### WHAT YOU WILL DO
In the entries below, find the line with "Wir Peniero-Zimmermeister bauen" and the line with "A telek utcafronti"; copy them and every line between them exactly, but not the pictures.

********************

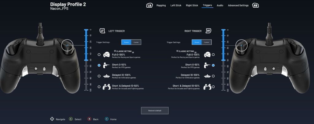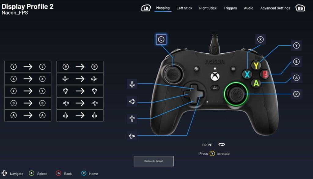 However, you will need the Revolution-X app to map the customisations to the controller. The various options available are almost identical to the Nacon Pro Compact. You can adjust trigger sensitivity, button mapping and the response curve of the analogue sticks. However, you now have 4 additional rear buttons you can customise, and you have some RGB elements you can also customise. This also has multiple profiles allowing you to customise a profile depending on the game you play, allowing you to switch during gaming without having to go back into the app and adjust everything.
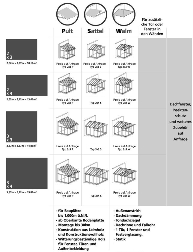 Wir Peniero-Zimmermeister bauen Ihnen einen Wintergarten nach Ihren Wünschen. Sie haben die Möglichkeit, aus vielen Größen auszuwählen und die Dachform zu bestimmen.
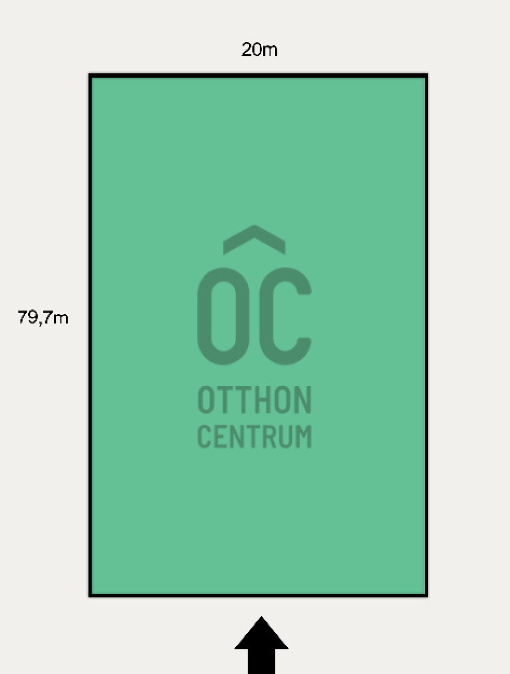 A telek utcafronti szélessége 20m, családi ház, vagy akár ikerház is építhető rá.
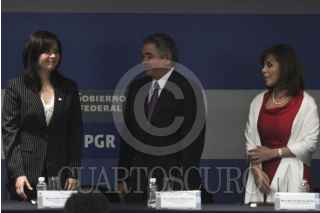 MÉXICO, D.F., 29MARZO2012.- Imelda Calvillo Tello, titular de la FEPADE junto a Leonardo Valdez Zurita, consejero presidente del IFE y Marisela Morales Procuradora General de la República durante la presentación del programa de trabajo de la Fiscalia Especializada para la Atención de Delitos Electorales. FOTO: ENRIQUE ORDÓÑEZ /CUARTOSCURO.COM
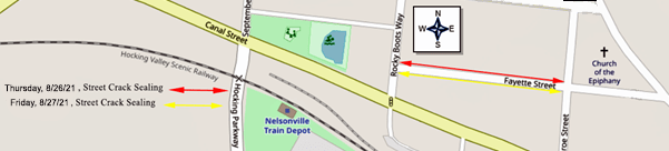 The City of Nelsonville announces that street crews will be performing street crack sealing on Fayette Street on Thursday August 26, 2021, and Friday August 27, 2021.

********************

### RESPONSE
 Wir Peniero-Zimmermeister bauen Ihnen einen Wintergarten nach Ihren Wünschen. Sie haben die Möglichkeit, aus vielen Größen auszuwählen und die Dachform zu bestimmen.
 A telek utcafronti szélessége 20m, családi ház, vagy akár ikerház is építhető rá.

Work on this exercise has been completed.